Cabooses also have glass in the windows, if you hadn't noticed....light inside would look better through the "glass".....IMO....


----------



## IronManStark (Jan 15, 2017)

So I got windows in it last night & Put in a LED with a bridge in it. Now I am thinking an side lanterns.... what’s everyone’s thoughts on that? Also I think need to paint, or put in something so the LED won’t shine through the body shell. It looks a bit weird at night with a glowing red caboose! Lol 


Sent from my iPhone using Tapatalk


----------



## IronManStark (Jan 15, 2017)

Sent from my iPhone using Tapatalk


----------



## Shdwdrgn (Dec 23, 2014)

I think most people give the inside of the car body a coat of flat black to prevent the light from shining through the sides (applies to passenger cars as well), but that should have been done before the glass was added. However, judging from your photos it looks like the LED is too bright? If it looks that way to you in person, then try adding a larger value resistor to cut down the output. You should be able to bring it down to where the LED is more of a low warm white.


----------



## IronManStark (Jan 15, 2017)

I was thinking about switching out the LED. I used a bright white , I should of used my warm white. I was just worried it would not light up enough! Lol 
Boy talk about a swing & a miss! 


Sent from my iPhone using Tapatalk


----------



## Shdwdrgn (Dec 23, 2014)

Yeah for these small models you never need the bright LEDs, and almost never need to even run them at full brightness. Your light is also centered inside the caboose instead of spread out. My suggestion would be to use TWO of your warm-white LEDs wired in series, using the same value of resistor you had before. Spread out the two LEDs to more fully light up the interior, and see if the reduced brightness looks any better. And to get an even more spread-out glow, lightly rough up the surface of the LED with some fine sandpaper untill you can't see any more glossy surface. That does a great job of giving you an area light instead of a spotlight.


----------



## IronManStark (Jan 15, 2017)

Thanks !! I will try that! I share pics later then!

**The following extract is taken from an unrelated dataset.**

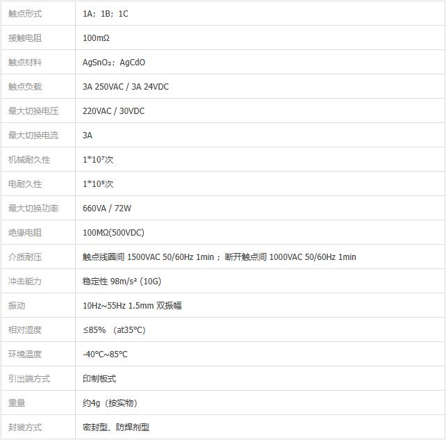 ◆ 3A触点切换能力 ◆ UL绝缘等级:F级 ◆ 印制板式引出端 ◆ 高灵敏型:线圈功耗200mW
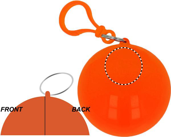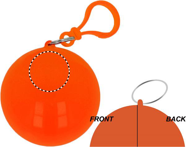 Impermeável chuva transparente fabricado em PE, apresentado numa bola de AS, inclui mosquetão para pendurar no cinto ou bolsa.

Sent from my iPhone using Tapatalk


----------



## cid (Jul 3, 2014)

Very Interesting thread with all the lighting considerations! And nice job reworking that caboose, IronMan!


----------



## IronManStark (Jan 15, 2017)

Thank you sir! I like to refresh, rework old thing back to something new. With these little ...... throw away , or not wanted caboose. I find I can learn different techniques, and applications for other models 


Sent from my iPhone using Tapatalk


----------



## Mark VerMurlen (Aug 15, 2015)

What I did in my buildings is paint the inside of the building a thick flat black to block out any light as mentioned above. After that dries and you're satisfied it blocks out light, you may find that not much light actually can be seen through the windows. To solve that, I put a second coat of white paint over the black so that there's some internal reflectivity.


----------



## IronManStark (Jan 15, 2017)

Hmmm I wonder if using a metallic tape, like what you use for hvac.. 


Sent from my iPhone using Tapatalk


----------



## IronManStark (Jan 15, 2017)

Ok I have painted the inside with black. I also added a piece of aluminum tape to the top of the roof to help reflect & changed the LED color. Also offset the light a little to reflect a bit better. 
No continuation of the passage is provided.